И на ёлках, зеленеющих вокруг,
Разноцветные зажгутся свечи.
Рождество, мой музыкальный друг.
Рождество, мой молодой кузнечик.
И скрипач весною с торжеством
Воскресение прославит в песне.
Все мы с детства знаем: Рождеством
Всё необычайней и чудесней (198).
Рождество, кажется, любимый праздник поэта: о Рождестве немало строк в его стихах.
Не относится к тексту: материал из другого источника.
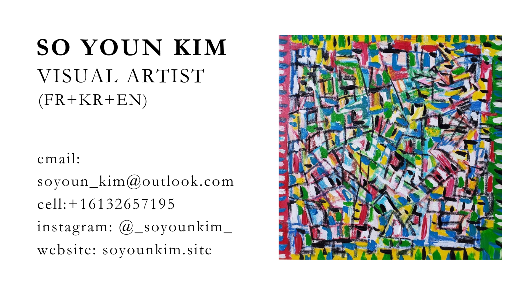 So Youn enjoys practicing abstract paintings in the style of what she calls as postmodern contemporary abstract expressionism with an emphasis on intellect from her education and creativity from her talent. So Youn remembers her childhood when her mother took her to the Picasso special exhibition in Seoul, Korea. So Youn enjoys her multicultural, academic and creative journey in Canada since she was 14 and likes to ask thought-provoking questions in intellectual conversation.

Туроверов продолжил то в русской поэзии, что было всегда соединено с сознаванием красоты мира как проявления славы Господней. А для этого-то нужно быть проникнутым истинною верою.
Грозу мы замечаем еле;
Раскрыв удобные зонты,
В проспектах уличных ущелий
Не видим Божьей красоты,
И никому из нас не мнится
Вселявшая когда-то страх
Божественная колесница
С пророком в грозных облаках.
……………………………….
Но где-нибудь теперь на ниве,
Средь зеленеющих равнин,
Благословляет бурный ливень
Насквозь промокший селянин.
И чувств его в Господней славе
Словами выразить нельзя,
Когда утихший дождь оправит
Весёлой радугой стезя (67).
Он знает о тех чувствах в Господней славе, ибо они не сторонние для него, но живут в нём самом, всегда жили. Эти чувства для Туроверова сопряжены с некоей тайной, только и придающей миру то великолепие, ту жизненность, которые так много говорят сердцу о Творце. В том мы можем отметить близость Туроверова Достоевскому — в мироощущении.